Compactions could selects SST 2, 3, 6 and SST 4, 5, 8 for merging (we limited to 3 SST files per merge operation). This also selects SST 7, 9 for copying. The current sequence number is 9.

We merge SST 2, 3, 6 into new SST files 10, 12, 14 and SST 4, 5, 8 into new SST files 11, 13. Both operations are done concurrently so they might choose free sequence numbers in random order. The operation might result in less SST files due to duplicate keys.

After that we copy SST files 7, 9 to new SST files 15, 16.

We write a "del" file at sequence number 17.

After that we write the new current sequence number 17.

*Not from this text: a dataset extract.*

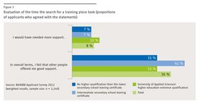 Although only a total of eight percent were of the view that they needed even more guidance, only 36 of successful applicants felt that they had received a good level of support. How can this be explained? Whereas respondents probably took "guidance" mainly to mean the imparting of information, the term "support" is more widely defined. It also includes emotional backing and assistance when problems occur (e.g. dealing with the flood of information or failed applications). Obviously the young people feel that these are the aspects that fall short.

Then we delete SST files 2, 3, 6 and 4, 5, 8 and 7, 9. The

SST files 1 stays unchanged.

key hash range: | 0    ...    u64::MAX | Family
SST 1:             |-|                   1
SST 10:            |-----|               1
SST 12:                  |-----|         1
SST 11:            |------|              2
SST 14:                        |-------| 1
SST 13:                   |-----|        2
SST 15:                   |-------|      1
SST 16:                    |--------|    2
DEL 17:  (2, 3, 4, 5, 6, 7, 8, 9)
CURRENT: 17

Configuration options for compations are:

max number of SST files that are merged at once
coverage when compaction is triggered (otherwise calling compact is a noop)

Opening

Read the CURRENT file
Delete all files with a higher sequence number than the one in the CURRENT file.
Read all *.del files and delete the files that are listed in there.
Read all *.sst files and memory map them.

Closing

fsync!
(this also deleted enqueued files)